The TUI surfaces failures in two places:
- The hierarchy pane marks the failed node in red.
- The control panel shows a failure count and last error message.
You can attach to the failed agent’s pane to inspect logs or inject a corrective prompt.
Session Persistence
Omar persists the entire agent tree to disk periodically. The snapshot includes:
- Agent hierarchy and backend assignments.
- Task queues and completion status.
- Tmux session IDs and pane mappings.
When you restart Omar, it rehydrates the tree and reattaches to existing tmux panes. Agents that were mid-task resume from their last checkpoint (if the backend supports it). This is critical for long-running refactors or multi-hour builds.
Spawning a Child Agent
The core pattern for agent delegation follows a registry model. When a parent agent spawns a child:
- A new tmux pane is created within the parent’s session.
- The child node is initialized with its backend, task queue, and status.
- The child is registered globally so other agents can reference it.
- The parent adds the child’s ID to its own children list.
This approach keeps the hierarchy navigable while allowing agents to operate independently.

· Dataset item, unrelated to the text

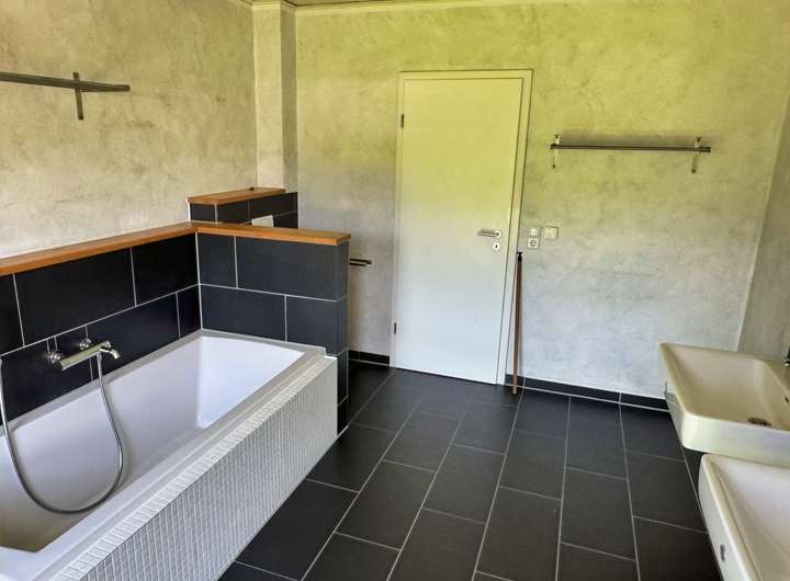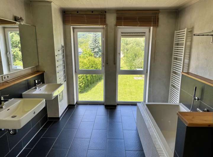 Das Obergeschoss ist sehr praktisch aufgeteilt. Hier stehen dem künftigen Eigentümer insgesamt vier große und helle Schlafzimmer sowie das tolle Hauptbad mit Badewanne, Doppelwaschbecken und grandiosem Ausblick in den Garten und die Natur zur verfügung.

The tmux layer provides process isolation, while the registry maintains logical relationships.
Observability Hooks
Omar exposes three observability primitives:
- Event stream: A JSON log of all agent state transitions (spawned, task_started, task_completed, failed). You can tail this with
jqor ship it to a log aggregator. - Metrics endpoint: A local HTTP server (disabled by default) that exposes Prometheus metrics: agent count, task throughput, failure rate, backend distribution.
- Integration hooks: Agents can trigger external notifications or webhooks when subtrees complete or require human input.
The event stream is the most useful. It gives you a complete audit trail of what every agent did, when, and why.
Deployment Shape
Omar runs on a single machine. It does not distribute agents across nodes. The limiting factor is tmux’s ability to manage hundreds of panes, which caps out around 200-300 depending on terminal emulator and shell overhead.
For larger swarms, you run multiple Omar instances and manually partition work. There is no built-in cluster mode. Typical deployments use a dedicated Linux or macOS machine with at least 16GB RAM and a modern multi-core CPU to handle concurrent agent processes. Tmux 3.0+ is required for the session management features Omar relies on.
When to Use Omar
- You are orchestrating 20+ coding agents and need real-time visibility into their state.
- You want to mix different LLM backends in a single workflow.
- You need session persistence across restarts or crashes.
- You are comfortable with terminal UIs and tmux keybindings.
When to Avoid Omar
- You need web-based dashboards or team collaboration features.
- You want automatic task decomposition without writing delegation logic.
- You are orchestrating agents across multiple machines.
- You need sub-second latency for agent spawning (tmux pane creation introduces measurable overhead).
Technical Verdict
Omar solves the observability problem for agent swarms by constraining the interface. A TUI forces you to decide what state actually matters, which surfaces the right primitives: hierarchy, status, task queues, and failure isolation. The tmux foundation is both a strength (proven session management) and a limit (single-machine, pane overhead). Use it when you need to manage dozens of agents from a terminal and are willing to write delegation logic. Avoid it if you need distributed orchestration or prefer graphical interfaces.